Taliban fighters float in swan pedalos as Afghanis protest a ban on girls attending schools

Armed Taliban fighters were photographed riding in swan pedalos on a lake in a national park in Afghanistan as protests erupt around the country over the ruling regime’s ban on girls attending school.

Online posts containing the pictures say they were taken in the Bamyan Province, which is located west of the capital of Kabul. Published accounts say the fighters were riding the pedalos in Band-e Amir National Park, which used to be a destination for international travelers. The pictures were reportedly taken on Saturday.

“The park contains a series of six deep blue lakes situated in the Hindu Kush mountains, roughly 45 miles from Bamiyan – formerly the home of the Buddhas of Bamiyan, which the Taliban destroyed in 2001,” the Daily Mail reported.

The odd scene at the park comes as the Taliban face rising unrest after establishing a ministry for the “propagation of virtue of the prevention of vice” in a building where the Women’s Affairs Ministry used to be in Kabul.

Taliban officials have reportedly told most female staffers who worked for the government to stay home, the only exceptions being for women who cannot be replaced by a male worker.

The new restrictions are being put in place despite previous pledges by the Taliban of inclusivity as the new regime begins adopting and implementing strict gender-based policies that the militant group had in place before the U.S. invasion in 2001 knocked them out of power.

In another sign of a return to the old ways, for instance, Taliban officials have barred girls from going back to secondary school while ordering boys and male-only teachers to resume class, another breach of a previous promise to implement a less harsh government than what was in place during the 1990s.

“All male teachers and students should attend their educational institutions,” said a statement from the country’s education ministry on Friday. It did not include any instructions for female students and teachers.

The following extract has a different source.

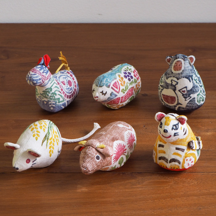 飛騨高山の工房で作られている、素朴な味わいが魅力の木版手染めぬいぐるみ。こちらは十二支シリーズのこどもセットです(ひつじは青色のシャイになります)。
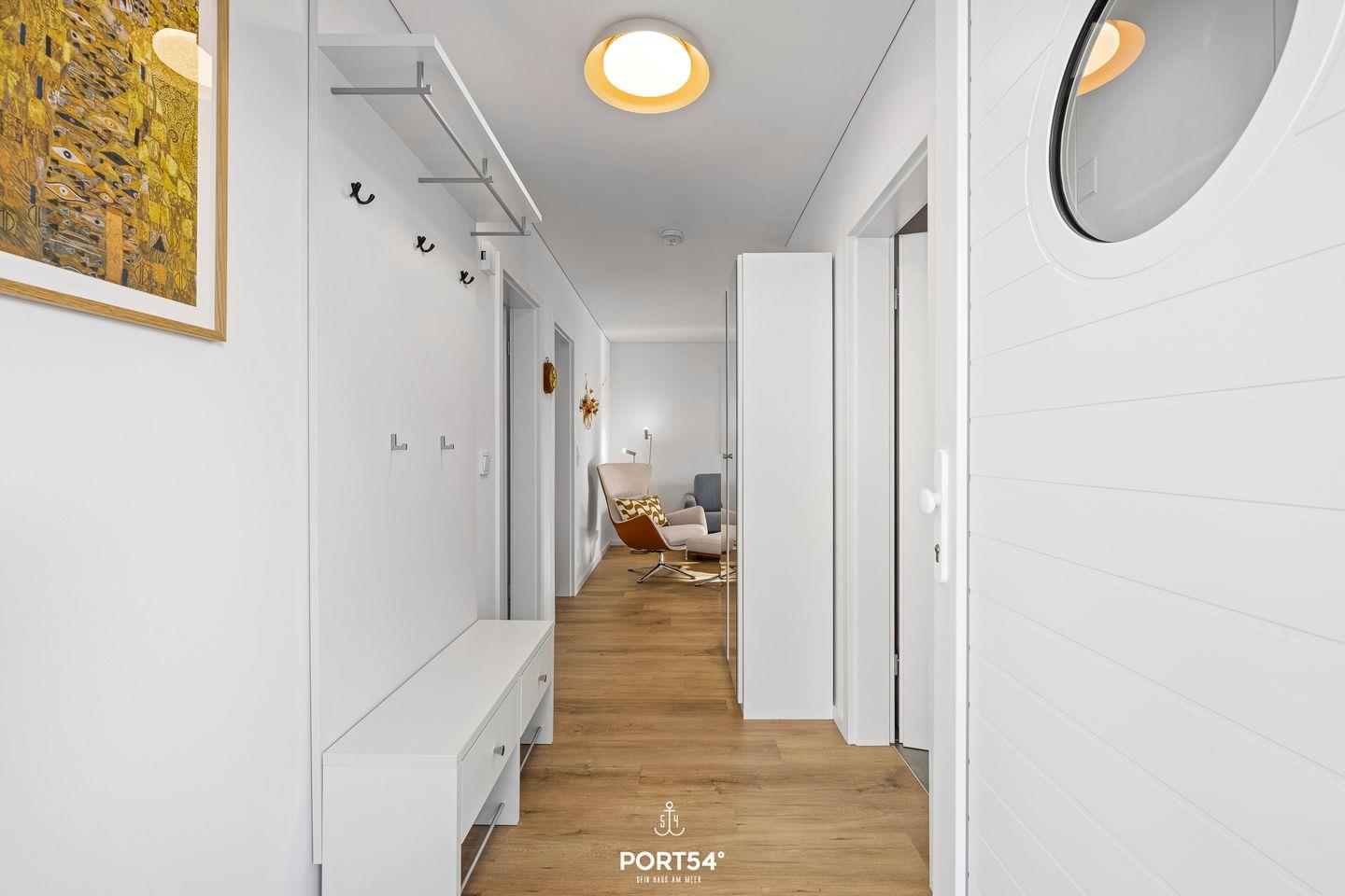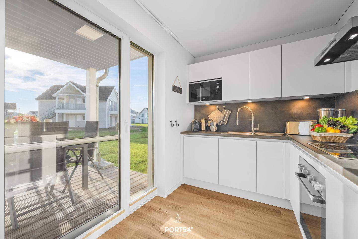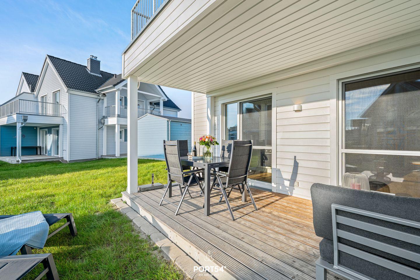 Nur wenige Meter vom Meer entfernt erwartet Dich ein stilvoll eingerichtetes Urlaubsdomizil, das mit seiner Kombination aus Komfort, Design und maritimer Leichtigkeit begeistert. Die Wohnung bietet Dir Platz für bis zu vier Personen und ist ideal für Paare, Familien oder kleine Freundesgruppen. Im gemütlichen Wohnzimmer laden ein komfortables Sofa und ein Smart-TV zum Entspannen ein. An kühleren Tagen schafft der Kaminofen eine besonders behagliche Atmosphäre. Direkt angrenzend öffnet sich die überdachte Terrasse, ausgestattet mit hochwertigen Gartenmöbeln, Strandkorb und Sonnenliegen. Hier kannst Du den Tag bei einem Glas Wein ausklingen lassen oder morgens beim Frühstück die frische Ostseeluft genießen.

The restrictions, however, are being met with some resistance, the Daily Mail noted. Afghan women have begun to protest the return to a restrictive society, and some males are joining them in a show of solidarity. The outlet said that one Afghan boy was seen holding a sign that said, “We don’t go to school without our sisters.”

One BBC correspondent, Ali Hamedani, posted an audio report featuring an Afghan girl from Mazar-a-Sharif who complained about the new restrictions.

“Everyday I wake up and ask myself why I am alive? Should I stay at home and wait for someone to knock the door and ask me to marry him? Is this the purpose of being a woman?” she said.

No country in the world bans girls’ education. Except in #Afghanistan. Taliban have de facto banned girls’ education, a key feature of their repressive, brutal rule of the 1990s. Twenty years of progress in female education is vanishing in just weeks,” noted Radio Free Europe correspondent Frud Bezhan.

“Schools reopened across Afghanistan today, for all boys. Teenage girls now being denied an education. This young girl asks ‘why shouldn’t we go to school?’ Life under Taliban rule seems to be reverting back to the 90s,” BBC correspondent Yalda Hakim posted, along with a photo of a young girl holding a sign.